Sandbars naturally emerge above the water’s surface over time, unlike the artificial islands built by the Chinese whose foundations are largely crushed corals, rocks and sand excavated from the seabed.

These are high-tide features which generate their own 22-km territorial sea, according to the United Nations Convention on the Law of the Sea.

In the June 27 incident, a CCG vessel with bow No. 5201 tried to drive away two Filipino patrol boats between Pag-asa and Zamora (Subi) Reef, one of China’s artificial islands about 26 km away.

“Attention, Philippine personnel.
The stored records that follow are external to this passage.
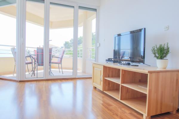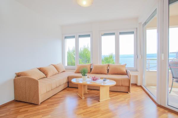 Larus-ft apartments are new, fully equipped and modern apartments located in a small, picturesque central location Mimica. They are located under the main road and are located 60 meters from the beach and the town center, which is ideal for family holidays. Also, apartments have parking space for all vehicles and is located at 40 meters from a supermarket, post office, ATMs, restaurants and pizzerias. Location of the apartment was excellent and because it is located 15 minutes drive from Omis and 30 minutes drive from Makarska, which are known for an active holiday and nightlife, and Split is located only 45 minutes drive away.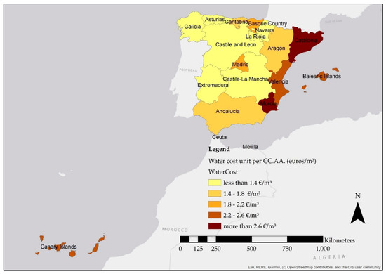 Unit Cost of Water in 2016 by Autonomous Communities. Source: INE.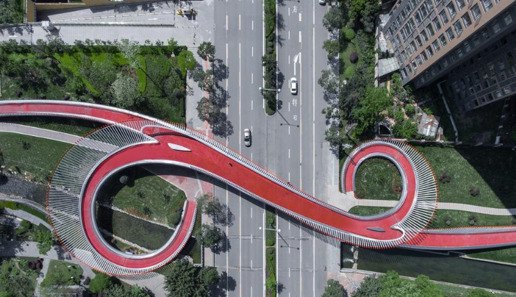 從空中看,這座橋就像一件“如意”鑲嵌于城市之中!

This is China Coast Guard 5201. Your behavior not only violated China’s sovereignty, safety and relevant rights but also … of the relations between China and the Philippines. Please leave at once,” the ship warned in a radio call to the patrol boats.

‘Don’t interfere’
The Chinese also deployed a Z8 transport helicopter from its base on Zamora. Flying low, about 30 meters above the water, it circled the vicinity of the sandbars several times before heading back to its base.

The ship approached Cay 1, where one of the two patrol boats had anchored for an hour. It sounded warning sirens while repeatedly radioing the Filipinos to leave. It could not come closer than 1 km from the sandbar because of the reef’s shallow waters.

The Filipinos radioed back saying: “This is Naval Station Emilio Liwanag. We are currently conducting maritime operations within the territorial waters of Pag-asa, Philippines. Please do not interfere.”

“They do that all the time whenever we patrol,” one of the military personnel told the Inquirer.

Posing as fishers
While there was only an exchange of radio messages and deployment of a chopper, the incident offers a glimpse of Beijing’s capability to strike and escalate tension if and when it wants to.

In addition to the CCG ship, there were around 20 Chinese maritime militia vessels southwest of Pag-asa. These vessels pose as fishing boats but actually aid actions by China’s coast guard and navy. They have been present near Pag-asa since 2018 when the government started constructing a beaching ramp and making other upgrades on the island.

“They’re just there but it does not affect our lives. But they have encounters with our fishermen,” said Nenita Bania, a resident of Pag-asa. The Chinese coast guard have harassed fishermen from the island.

Cay 1, located 3.7 km from Pag-asa, is in direct line of sight from the island’s port. Batongbacal said.

“The sandbars are closer to fishing grounds and served as resting and safe anchorage places for fishermen based on Pag-asa,” he said.

He said the sandbars allow Filipinos to fish at the underlying reefs about 11 km to 14 km from Pag-asa.

“Take those areas out of reach and we are basically limited to around two nautical miles (3.7 km),” he said.

The presence of Chinese vessels also potentially threatens aerial access to the island as the other three sandbars are located along the western path or approach to Pag-asa’s 1.2-km runway, he added.

The Philippines tried to build a shelter on Cay 1 in 2017 but stopped after China protested, citing an agreement not to occupy new features in the South China Sea.

The Philippine Navy is also beefing up its forces in the West Philippine Sea and redeployed this week a former Hamilton-class cutter, which it had acquired from the US Coast Guard.

Back on duty
The BRP Andres Bonifacio (PS-17) returned to duty on Wednesday after undergoing repair and maintenance over two months.

“The return of PS-17 will definitely strengthen our requirements in the West Philippine Sea,” said Vice Adm. Alberto Carlos, commander of the military’s Western Command (Wescom) based in Palawan.

The 115-meter ship has a cruising range of around 22,400 km with a speed up to 28 knots. It is armed with 76-mm automatic cannons, light cannons and .50-caliber machine guns.

The ship secures the service contract areas of the Department of Energy and two oil platforms northwest of Palawan.

The Navy also has two brand-new frigates, several cargo ships and small patrol boats deployed in the West Philippine Sea.